→ TASK GOAL: Your task is to copy the stretch of lines in the records below that begins with the line containing "12'li Siyah Renk" and ends with the line containing "仪式上,四川省红十字基金会联", exactly as written, with nothing added.

→ LISTED RECORDS:
..........
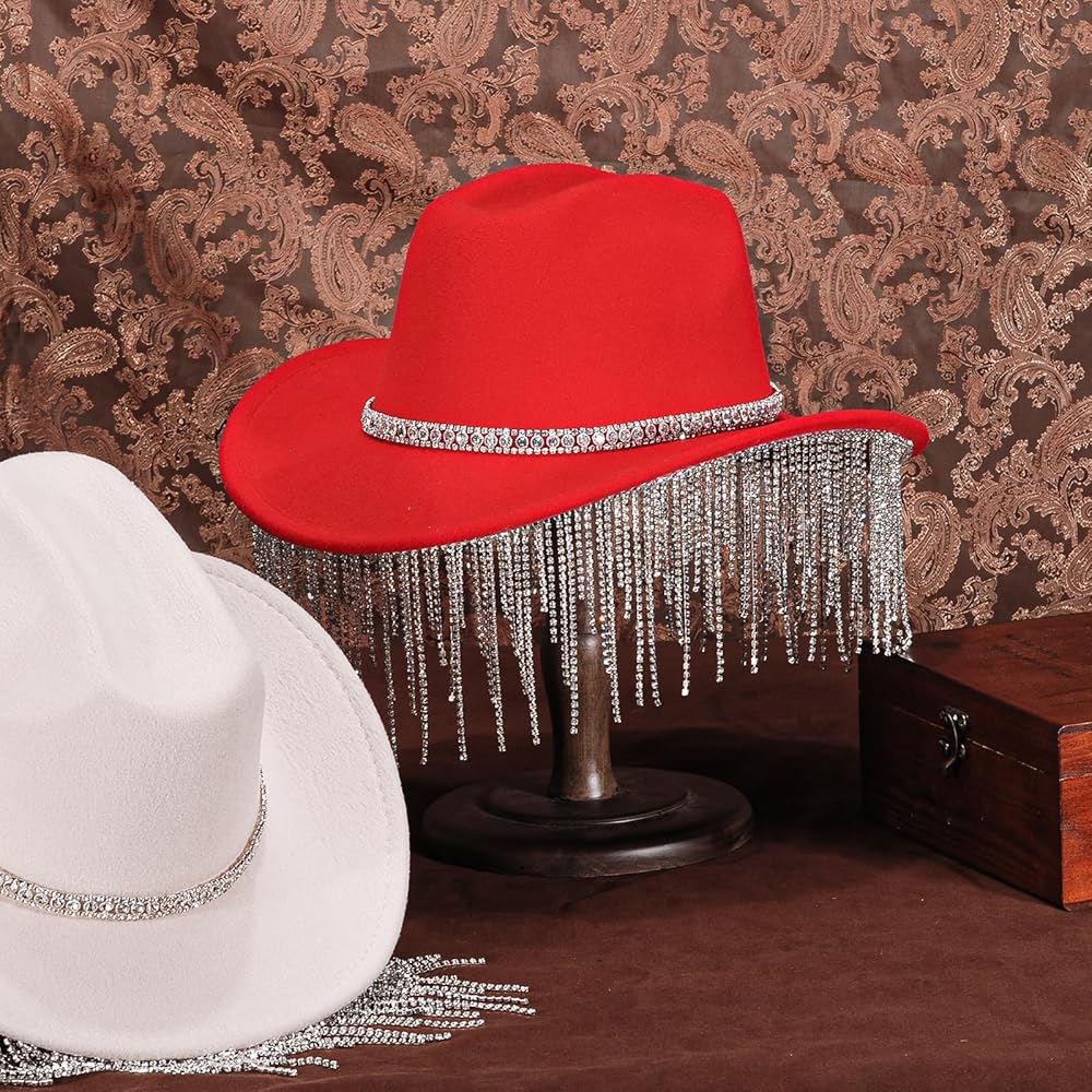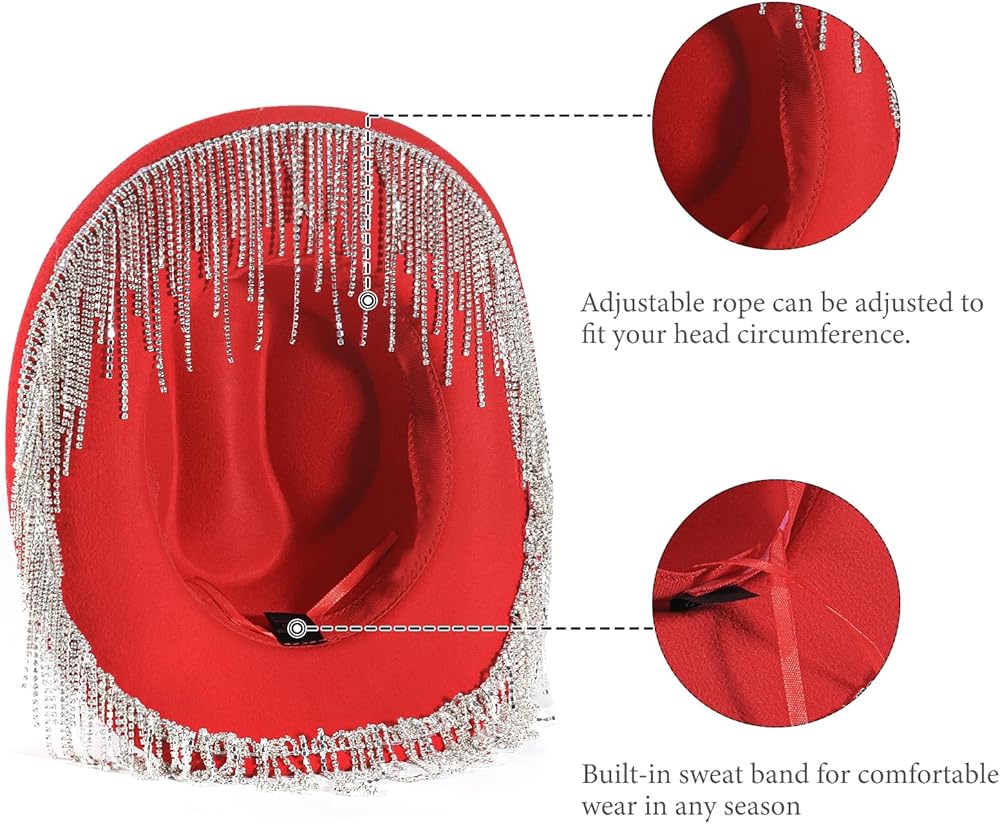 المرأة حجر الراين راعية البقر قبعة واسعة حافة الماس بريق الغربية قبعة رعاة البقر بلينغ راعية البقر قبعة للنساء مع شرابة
..........
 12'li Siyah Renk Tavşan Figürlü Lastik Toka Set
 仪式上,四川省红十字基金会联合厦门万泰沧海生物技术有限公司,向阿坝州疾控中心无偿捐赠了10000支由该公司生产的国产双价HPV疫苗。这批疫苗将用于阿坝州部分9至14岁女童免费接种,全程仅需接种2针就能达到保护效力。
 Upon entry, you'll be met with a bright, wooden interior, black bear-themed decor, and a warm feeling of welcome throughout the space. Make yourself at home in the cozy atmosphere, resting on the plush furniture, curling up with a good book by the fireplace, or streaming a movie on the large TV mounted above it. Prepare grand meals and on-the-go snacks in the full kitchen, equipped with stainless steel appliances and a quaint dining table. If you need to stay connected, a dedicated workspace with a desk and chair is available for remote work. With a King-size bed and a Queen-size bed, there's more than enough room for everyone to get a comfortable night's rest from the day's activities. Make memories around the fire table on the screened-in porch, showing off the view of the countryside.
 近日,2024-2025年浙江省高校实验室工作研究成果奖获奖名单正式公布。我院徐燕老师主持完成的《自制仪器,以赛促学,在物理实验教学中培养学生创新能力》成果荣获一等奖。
..........
→ EXERCISE RESPONSE:
 12'li Siyah Renk Tavşan Figürlü Lastik Toka Set
 仪式上,四川省红十字基金会联合厦门万泰沧海生物技术有限公司,向阿坝州疾控中心无偿捐赠了10000支由该公司生产的国产双价HPV疫苗。这批疫苗将用于阿坝州部分9至14岁女童免费接种,全程仅需接种2针就能达到保护效力。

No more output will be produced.